Позади них, на реке, взревел двигатель буксира. Все вздрогнули и обернулись. Двигатель сбросил обороты, застучал ровно и глухо. Буксир отошел от пристани, волоча за собой баржу, и начал неуклюже разворачиваться, расталкивая круглым, похожим на лапоть носом звенящие утренние льдинки.

— Тьфу, сволочь, — сказал Вовчик. — Совсем про него забыл.

«Что это с ними сегодня? — подумал Глеб, глядя, как Гриша торопливо прикуривает еще одну сигарету, а „солдат Джейн“ грызет нижнюю губу. Зубы у нее были белые, ровные и крупные. — Почему они все такие нервные?»

— Отвратительное место, — сказала Горобец напряженным голосом. — Я понимаю, почему люди отсюда ушли. Здесь что-то… Что-то не так.

Сиверов огляделся, но не увидел ничего необычного. Местечко, конечно, было унылое, но не настолько, чтобы вывести железобетонную Евгению Игоревну из душевного равновесия. Да и остальные явно были не в своей тарелке, хотя держали себя в руках лучше, чем «солдат Джейн». Потом он вспомнил о пропавшей экспедиции — пропавшей, вероятнее всего, не без помощи местных жителей — и удивился: если уж вы так опасаетесь аборигенов, то зачем было посылать Тянитолкая в поселок одного, пешком и даже без карабина?

Честно говоря, Глебу казалось, что долгое отсутствие Тянитолкая объясняется очень просто: небритый молчун, скорее всего, впустую тратил время, один за другим обследуя покинутые дома в поисках аборигенов. Не было тут никого, давно уже не было. Это чувствовалось по мертвой тишине, царившей вокруг. В таких вот местах прибытие буксира — это же настоящий праздник, повод для народного гуляния. А на берегу пусто, да и над крышами ни одного дымка…

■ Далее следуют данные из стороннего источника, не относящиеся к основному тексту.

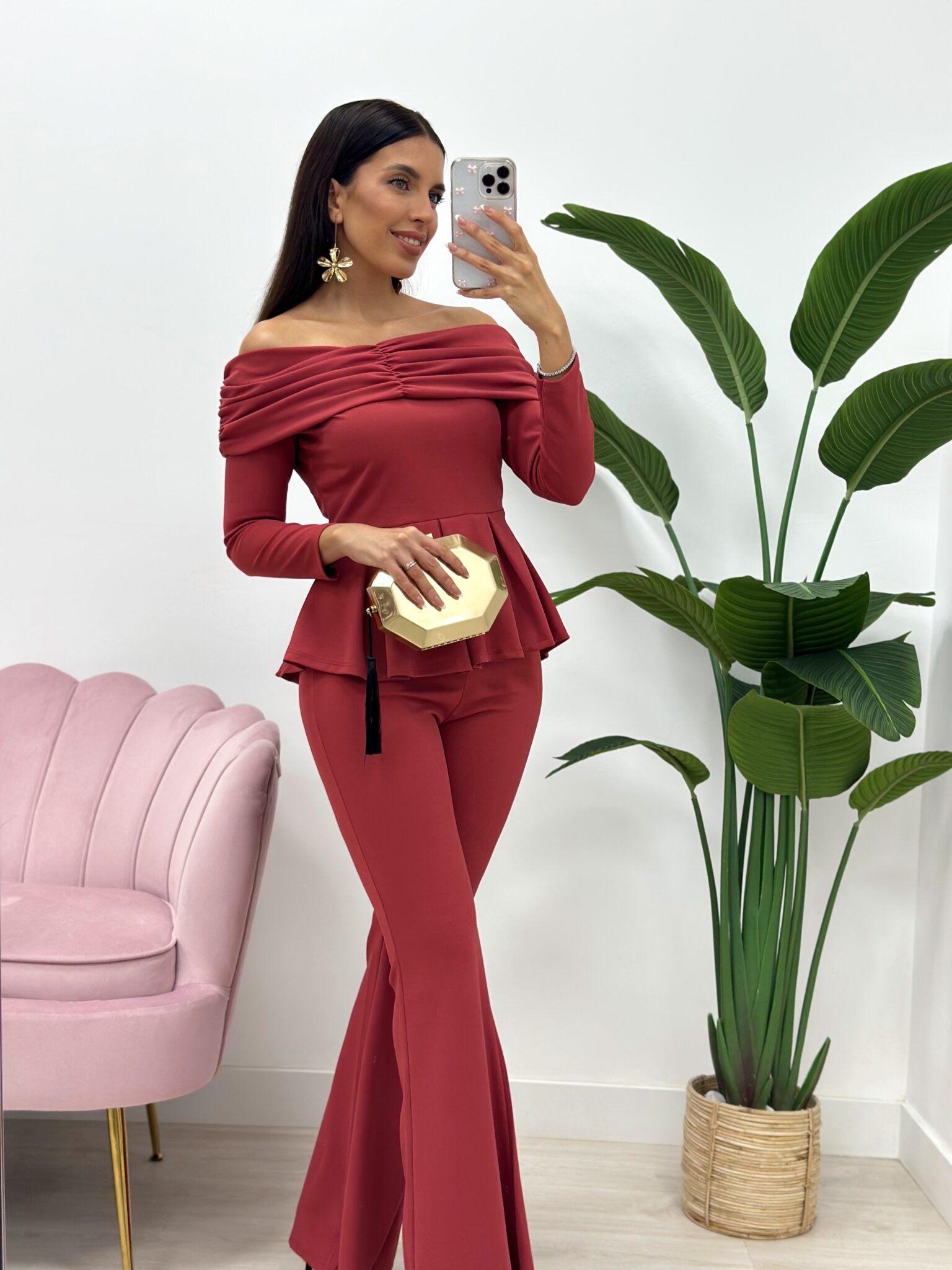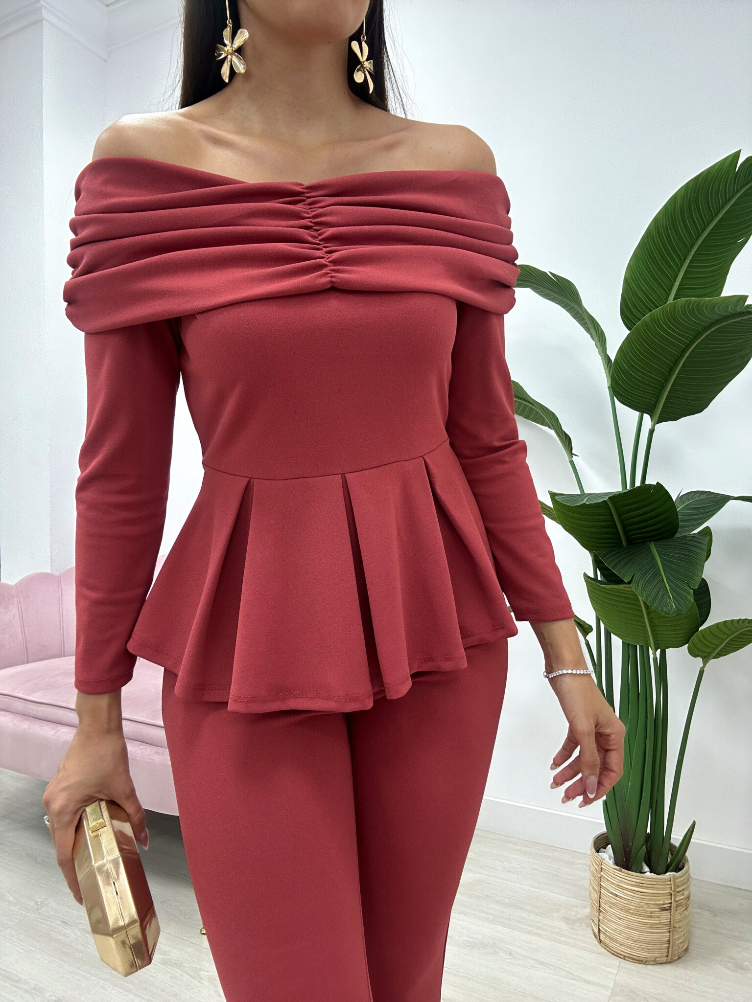 Compuesto por top de escote bardot con hombros descubiertos, mangas largas y volante tipo peplum que estiliza la cintura y aporta un toque femenino y sofisticado.

Однако излагать свои соображения по этому поводу Глеб не стал. Пять минут назад ему ясно дали понять, что его дело — помалкивать в тряпочку. Вот он и решил помалкивать, тем более что тот, кто молчит, лучше слышит, о чем говорят другие.

— Господи, да что же это? — почти простонала «солдат Джейн», в третий раз посмотрев на часы. Тогда Глеб не выдержал.

— Давайте я схожу, Евгения Игоревна, — предложил он. — Не волнуйтесь, я аккуратно.

— Нет! — почти выкрикнула Горобец. — Всем оставаться на месте! Будем ждать. «Э, — разочарованно подумал Глеб, — ненадолго же тебя хватило!»

Минут через пять, когда стук дизельного движка окончательно потерялся где-то за излучиной реки, на гребне холма возникли две фигуры. Видно было, что один человек поддерживает другого. Горобец прерывисто вздохнула, Вовчик озадаченно хмыкнул, а Гриша длинно сплюнул в грязь и отвернулся. В первое мгновение Глебу почудилось, что один из этих двоих ранен. Он поднял лежавшую у него на коленях винтовку, посмотрел в прицел и понял, что ошибся.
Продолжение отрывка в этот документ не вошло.